Wednesday, 18 December 2013

Feature - Julian Marley

Published in The Music (Brisbane), Wednesday December 18.

Beyond The Legacy

The name Marley is, of course, synonymous with reggae music. For it was Bob Marley, over a career which spanned only two decades, who changed the face of a music born of oppression and hardship in a tiny country most couldn’t locate on a map. The music itself, the music he helped create and grow, was joyous though, it  was powerful, it looked to affect change, and as such, Marley and a host of other players left a legacy, one which lives on today.

A legacy wasn’t all Marley left behind. A number of offspring bear his famous name, and a good deal of them have followed in his footsteps, taking this music that runs thick and fast through their veins, and putting their own spin on it, the message itself still as loud and clear as it ever was. Julian Marley, born to Bob and Lucy Pounder in 1975, is but one example, although a fine one none the less.

Marley junior began his career in the mid ‘90s, releasing Lion In The Morning (1996), slowly but surely following it with A Time & Place (2003) and most recently, the Grammy nominated Awake (2009). “This is a time when we have the energy and we have what it takes to really get it to work,” he says, his accent a curious mixture of British High Street (where he was born) and deep Jamaican.

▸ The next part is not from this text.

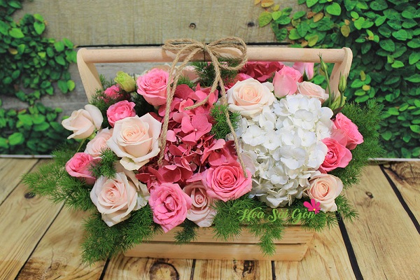 Sắc hồng luôn mang đến cho người nhận những điều nhẹ nhàng và đôi lúc chúng ta cần lãng mạn để cuộc sống thêm phần thi vị. Cũng chính vì vậy mà hộp hoa Bên em mãi mãi HSG240 với gam màu hồng chủ đạo của những đóa cẩm tú cầu hồng, hoa hồng dâu, hồng da nổi bật trên nền xanh của thiên môn và cẩm tú cầu trắng như một thông điệp về tình yêu lãng mạn và ý nghĩa mà người tặng muốn gửi trao đến người nhận.
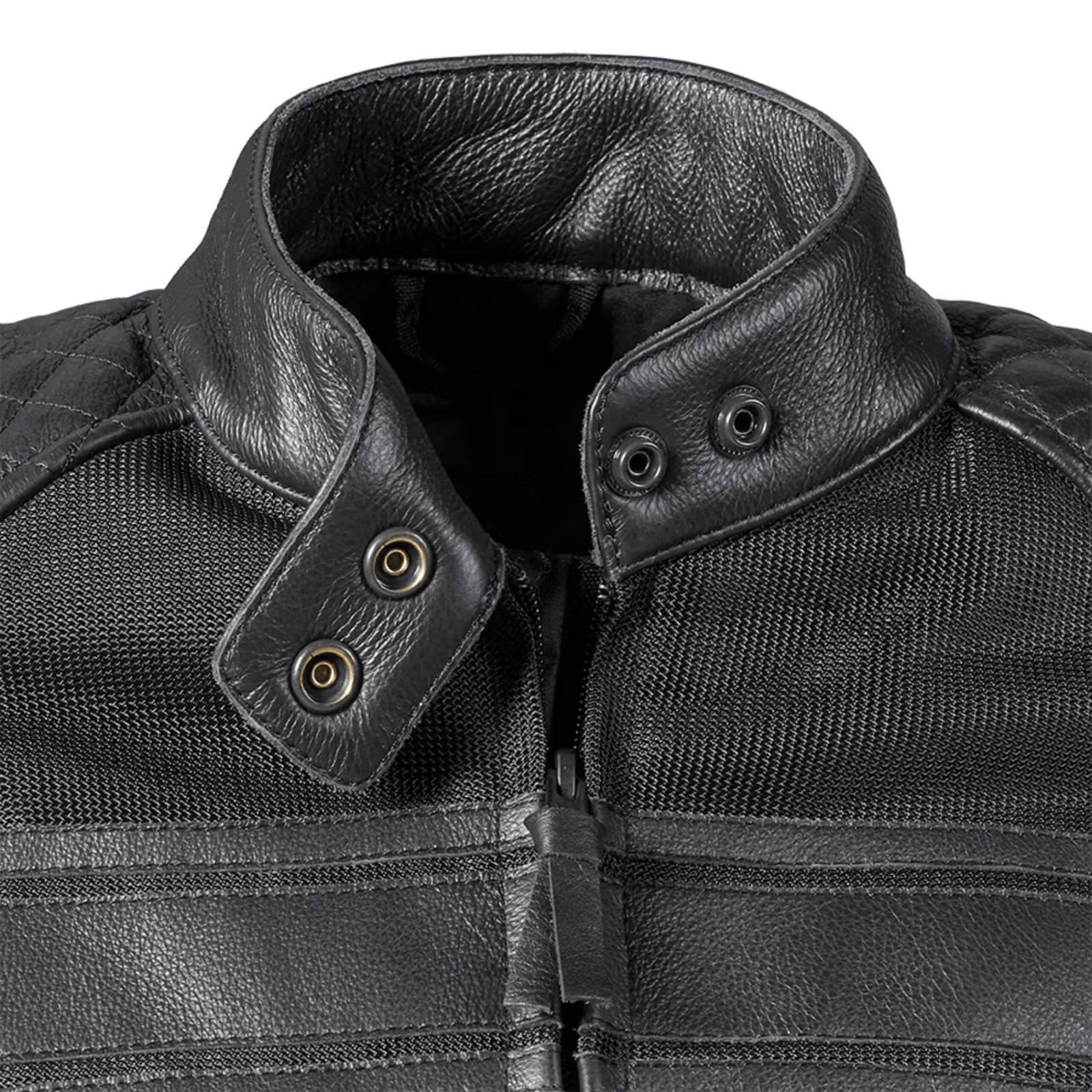 The Women’s Classic Racer Neck Biker Jacket combines timeless motorcycle-inspired style with modern functionality, crafted for riders who demand both protection and elegance. Designed with a tailored women’s fit, it ensures comfort and freedom of movement, making it an ideal choice for everyday rides or longer journeys. The jacket’s blend of durable mesh textile and premium leather panels creates a versatile construction that balances breathability, resilience, and premium aesthetics.

He’s currently in a studio in Miami, making a start on what will doubtless be his next recorded offering. As he says, he’s not been in any hurry to release over the course of his career, but right now is a time when the creative juices are, so to speak, flowing freely.

“There’s no other time than the present time to be going full blast,” he smiles. “Turn on all engines and go.”

As mentioned, reggae music is strongly message-oriented, there’s always meaning to the lyrics, to the music itself. As such, I’m interested in what’s informing Marley’s writing at the moment, where it’s going, what he’s looking to say. “It’s still the same messages we’ve always conveyed, just in different ways,” he muses.

“Right now, it’s still about the social injustice, unity, which we should be talking and singing about daily, putting it in our music,” he goes on. “The world has a million different musics – music to make you party, we use music to balance the consciousness… we try to follow the roots.”

Marley goes on to say that, once they’ve been to Australia over the New Year break, they’ll retreat back to the studio to begin in earnest the task of collating these messages, setting them to music, and committing them to disc – an epic task, no doubt.

In the meantime, a question I’ve posed to both Damian and Ziggy Marley in the past – here are these young artists who come from this lauded lineage, whose father did so much for this music. How do they go about making their own music, with his massive legacy looming above them?

“I don’t really know, but I don’t think about that,” Marley junior laughs. “I love music, I love what I do, I love who I am and I love where I came from, but I am what I am, you know? I have to be true [to that].”


Samuel J. Fell

1 comment:

  1. Marley brothers and sisters .... All so unique, complementing each other.
    Excited for Julian's new music, wishing there will be Ghetto youths on the tour!